Third quarter earnings excluding identified items and on a current cost of supply basis stood at $4.5 billion as against a projected range of between $4.9 and $5.1 billion, down from $6.6 billion a year ago.

The company's shares were down 4.6 per cent to £24.3 in the morning even as expectations of better than forecast BP results had been high yesterday.

According to chief executive Peter Voser, who is due to step down from the western world's number three oil company at the end of the year, actions taken on costs and shareholder payouts during the year so far "underline our commitment to shareholder returns", as he echoed an industry theme for the quarter as the sector underperformed the broader market and investors feared rising costs would erode capacity to pay dividends.

The world's largest oil company Exxon Mobil is due to report its results later today. The profit decline came on significantly weaker industry refining conditions, that had been widely flagged by the company and others in the industry.
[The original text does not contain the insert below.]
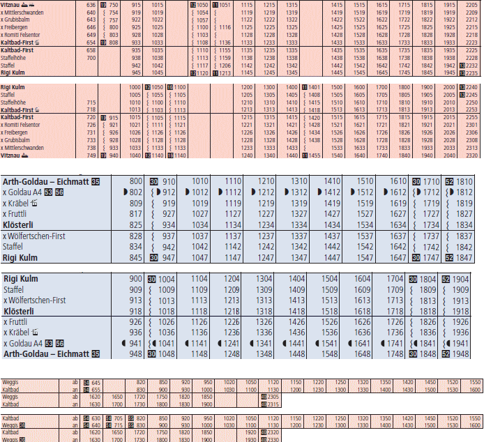 リギ山は古くから貴族の高級保養地としてホテルや別荘が多い場所。山頂のリギクルムへはアルトゴルダウ/ウェッジス/フィッツナウの3方向からアクセスが可能。

However, rising costs in both production and finding operations in the main oil and gas division were also major contributors along with  production impacts from maintenance and asset replacement activities.
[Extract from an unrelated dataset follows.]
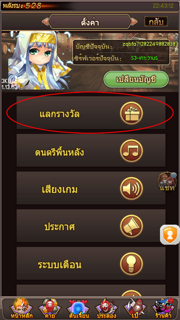 3. เติมโค๊ดโดยเข้าไปในเกมส์ แล้วไปที่ ระบบ > แลก CDKey แล้วกรอกโค้ดที่ได้รับ

Meanwhile, Shell shares were down 4 per cent in early trading.

According to Shell, it took a $300-million hit due to the impact of the widespread oil theft and ensuing disruption it continued to battle in the Niger Delta. A blockade of the Nigeria LNG plant was also responsible.

Production from Nigeria declined by 65,000 barrels of oil and gas a day as against the same period of 2012.

Shell announced third quarter dividend at 45 cents per share, up 5 per cent from the same quarter of 2012 but unchanged from the second quarter of this year.

According to Shell the exceptional items included impairments of $234 million largely related to various offshore properties in North America.

According to a spokesman, the impairment was a result of an annual accounting audit and was not related to any single major project, such as Shell's ill-fated drilling campaign off Alaska.

Shell's earnings were given on a 'current cost of supply' basis, which stripped out changes to the value of its oil inventory.

The Telegraph quoted Andrew Whittock, oil analyst at Liberum Capital, as saying , overall, the third quarter results were disappointing and Liberum  expected to revise its forecasts down by 10 per cent.